WORKING DATA Block Start

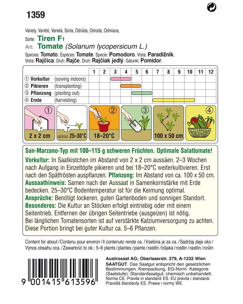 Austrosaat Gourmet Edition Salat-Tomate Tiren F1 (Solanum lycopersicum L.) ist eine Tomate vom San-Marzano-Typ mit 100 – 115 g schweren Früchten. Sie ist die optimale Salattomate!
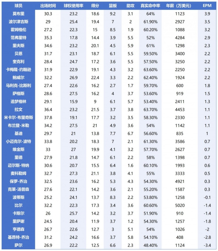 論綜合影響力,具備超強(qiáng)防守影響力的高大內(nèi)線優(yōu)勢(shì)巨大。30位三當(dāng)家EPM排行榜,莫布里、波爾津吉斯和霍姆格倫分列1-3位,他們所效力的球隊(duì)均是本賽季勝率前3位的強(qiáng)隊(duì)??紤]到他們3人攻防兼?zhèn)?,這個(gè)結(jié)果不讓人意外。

WORKING DATA Block End
WORKING DATA Block Start

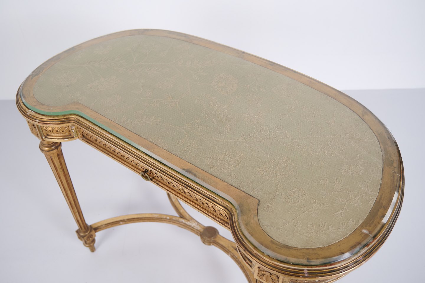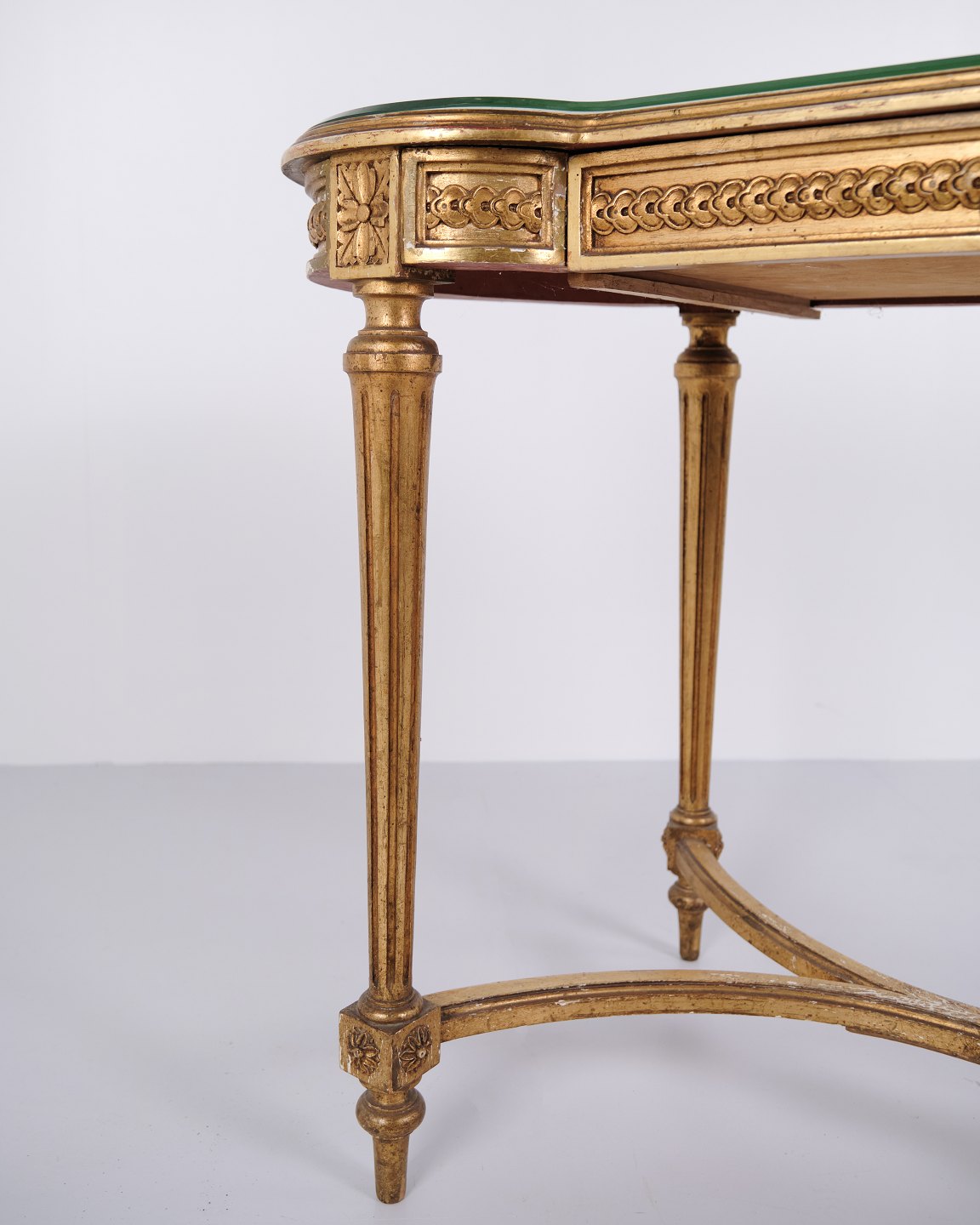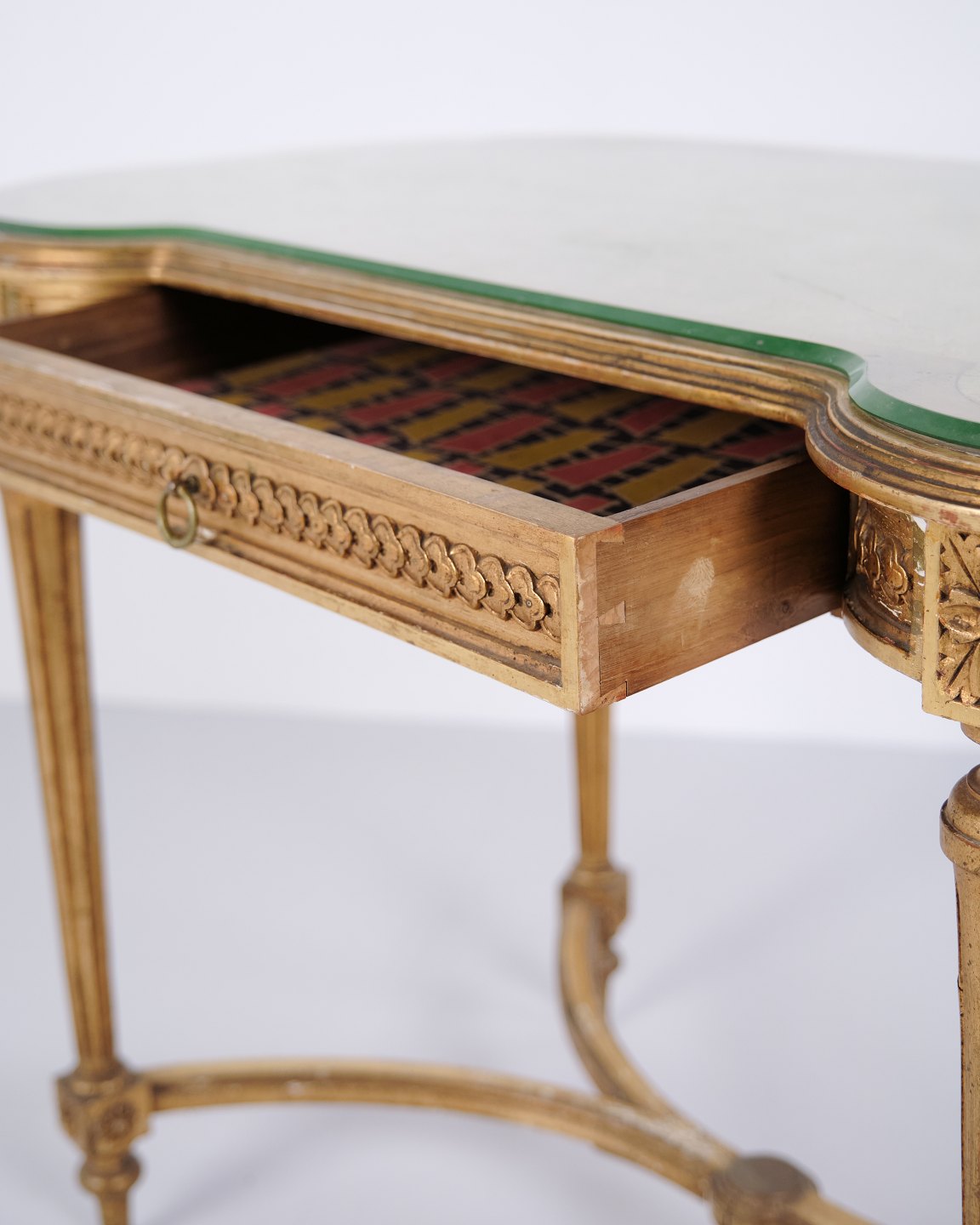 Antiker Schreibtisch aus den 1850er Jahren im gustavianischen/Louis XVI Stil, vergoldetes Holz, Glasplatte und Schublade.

WORKING DATA Block End

- [WORK TASK] Nothing but the lines from the one containing "Austrosaat Gourmet Edition" through the one containing "論綜合影響力,具備超強(qi" should appear, copied exactly from the material above and without pictures.

- [EXERCISE ANSWER]
 Austrosaat Gourmet Edition Salat-Tomate Tiren F1 (Solanum lycopersicum L.) ist eine Tomate vom San-Marzano-Typ mit 100 – 115 g schweren Früchten. Sie ist die optimale Salattomate!
 論綜合影響力,具備超強(qiáng)防守影響力的高大內(nèi)線優(yōu)勢(shì)巨大。30位三當(dāng)家EPM排行榜,莫布里、波爾津吉斯和霍姆格倫分列1-3位,他們所效力的球隊(duì)均是本賽季勝率前3位的強(qiáng)隊(duì)??紤]到他們3人攻防兼?zhèn)?,這個(gè)結(jié)果不讓人意外。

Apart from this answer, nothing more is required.